Like CartPole, for instance, is specifying it here. If you do the same, can you post your observation/action space?
MAYANK GULATI
@MakGulati
i m doing two levels of inheritance
class Envir(gym.Env):
then class MMX(Envir) :
and for tensorforce env = Environment.create(environment='gym', level=MMX, ...)
MAYANK GULATI
@MakGulati
Thanks a lot for the help. I think there is problem with my MDP formulation because i tried the same stuff as above with cartpole and it works. So i need to fix that MDP stuff. Cheers :)
Matt Pettis
@mpettis
@AlexKuhnle I will work on a custom environment and agent training loop, and you are more than welcome to include the example. Let me know how you want it contributed -- I would guess as a pull request? I'll probably need some guidance on it, let me know if doing so via this channel, or on issues on your git repo, or on a fork of it i would make would be the easiest venue for you.
Alexander Kuhnle
@AlexKuhnle
@MakGulati Okay, let me know if the problem seems to be from Tensorforce side, but what you describe sounds like it should work.
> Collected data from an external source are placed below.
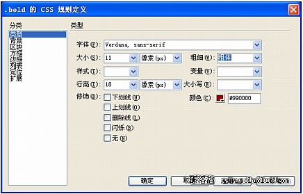 在"CSS 規則定義"對話框中,執行下面的操作:
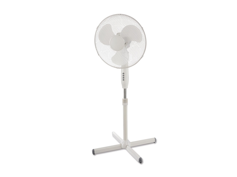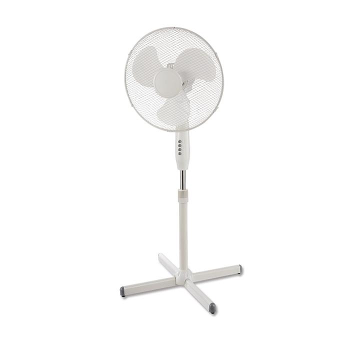 Productbeschrijving: Staande ventilator voorzien van een 40cm diameter ventilatorblad en geluidsarme motor met aan en uit schakelaar en 3 snelheden.
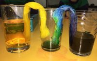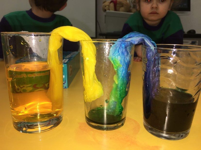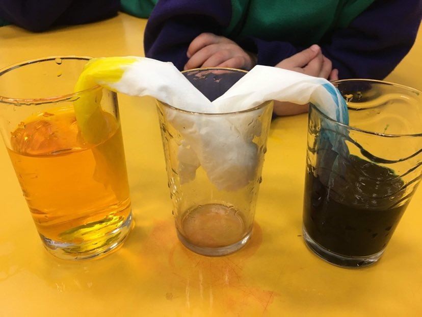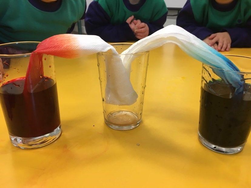 - Watch the paper towel absorbing the coloured water and filling the empty cup.
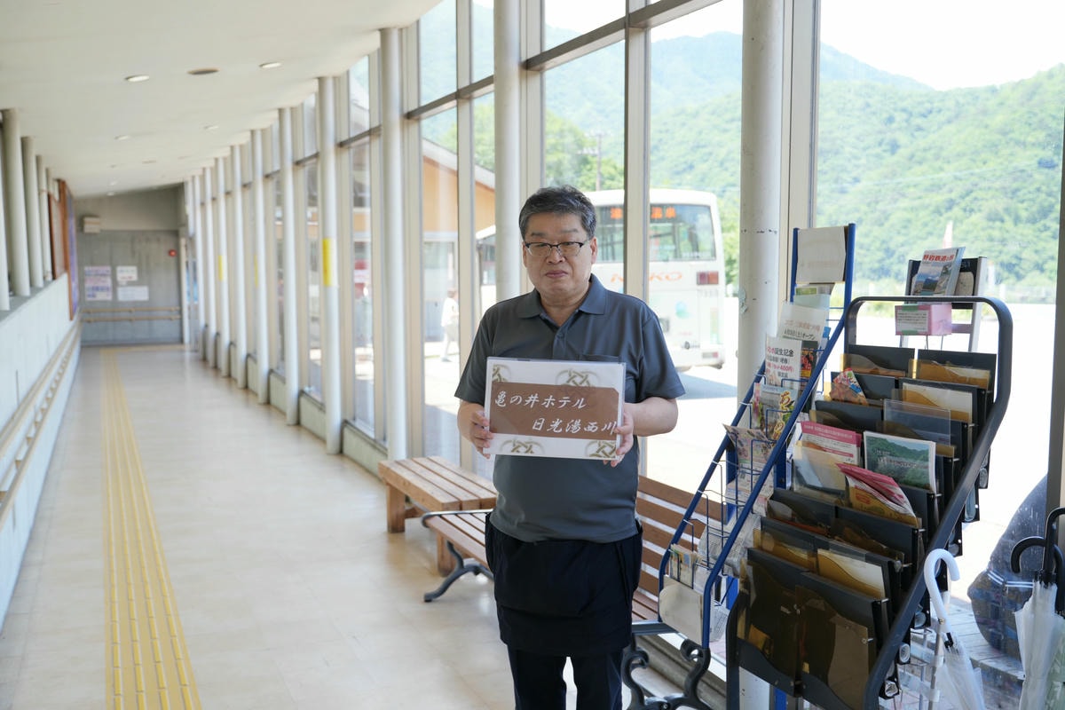 這次我從淺草搭乘東武鐵道的特快車(東武特急リバティ)出發到湯西川溫泉,大約兩個小時半可以抵達湯西川溫泉站,從這邊下車後會看到有龜之井酒店日光湯西川全包式度假村的工作人員在車站前等候,搭著接駁車就能抵達飯店。
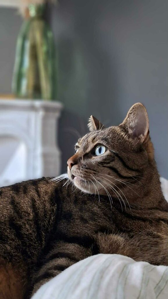Très câlin, proche de l’humain, il aime faire partie de votre quotidien et observer la vie de la maison avec attention… un vrai chef d’orchestre discret. Bonus rare et très apprécié : Oliver ne miaule pas le matin et respecte religieusement votre sommeil. Oui, oui c’est possible !
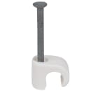 Klips for rundtråd. Slagfast elastisk polypropylen. Halogenfri og UV-stabilisert med elektrogalvaniserte herdede stålspiker.
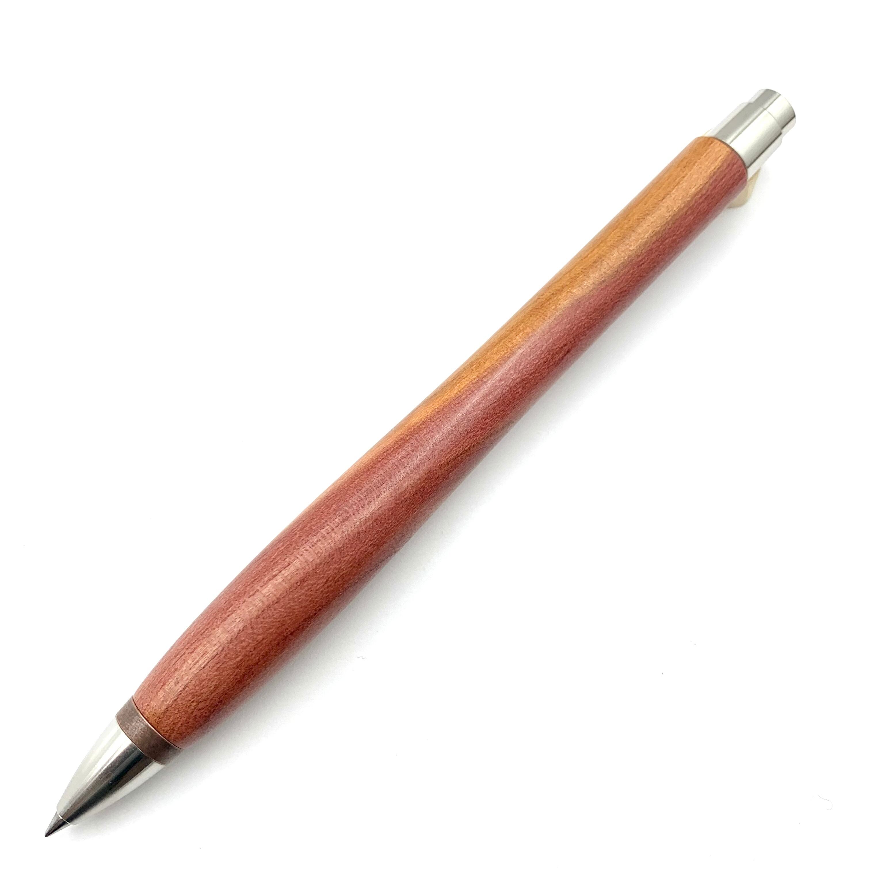 ボールペンのノックシステムは、ドイツ最高のクリックメカニズムを採用してあります。このメカニズムはユニークな機構のため、クリックしたときのカチカチ音が静かで、どんな場所でも気兼ねなく使うことができます。滑らかに動くこのプッシュ感覚を一度味わうと他には戻れなくなってしまうほどの魅力があります。 100分の1単位の加工精度で削り出されたペン先は、軸ブレも全くありません。

@mpettis Yes, PR is best. You can fork the repo, then commit to your private fork, then from there on Github create the PR to the main repo. Happy to help along the way. Generally, re issue vs Gitter, I would say: if you think it's a problem which others may encounter, too, an issue is preferred, so others can search for it. If it's more discussion, question on PR, suggestions, I would say here is fine (or private message).
Matt Pettis
@mpettis
@AlexKuhnle I'll be doing a pull request, but before I do, here is the proposed full example. It is a jupyter notebook because I wanted to expand on the example and make some inline charts to help with explanation, not sure if you want examples in notebook form. I can change to a python script if that would be preferred. But you can take a prelim look at it here: https://github.com/mpettis/tensorforce/blob/master/examples/temperature-controller.ipynb
Alexander Kuhnle
@AlexKuhnle
Notebook is fine, in fact it's probably the best way of presenting tutorial examples with code and explanation in one place. And the notebook looks great. :-) The framework could really use a few such examples.
Matt Pettis
@mpettis
@AlexKuhnle I made a pull request with the notebook. You are obviously welcome to it, and I'd love to see it in the project. I put my authorship at the top, as I'd like to be able to refer to it as examples of work I've done. Thanks.
Alexander Kuhnle
@AlexKuhnle
Thanks very much, @mpettis, and the acknowledgement is of course perfectly fine. Feel free to also add an acknowledgement to the README here if you end up contributing more (which I would, obvs, encourage :-).
Schade77
@Schade77
Hello, thanks for your great work ! I would like to know if you have more examples about multithreading ? All seems to work well without multithreading, however when I try to set num_parallele I get 'assert not isinstance(environment, Environment)'.
Alexander Kuhnle
@AlexKuhnle
Hi, could you post the relevant code and the last bit of the stacktrace? Otherwise hard to say what exactly the problem is
29 replies
Matt Pettis
@mpettis
For agents, is there documentation (or explanation) of what "memory" does and how it is used? I'm trying to make an example that learns not to turn the heater on too frequently in a thermostat example (basing off my previous example above), like, say, learns to not turn the heater on more than 3 times in 20 consecutive timesteps. It's not learning the way I think it should, when the reward signal is just the distance the temperature is away from the target temperature band, and a large 10x - 100x negative reward if it turns the heater on more than 3 times in 20 timesteps. I would assume that I would not have to expose a state back to the agent that tracks the available heater-on actions available at the current step, but assuming the agent would learn such a policy. I am using a tensorforce agent with a 'policy_gradient' objective, like in the 'getting started' section.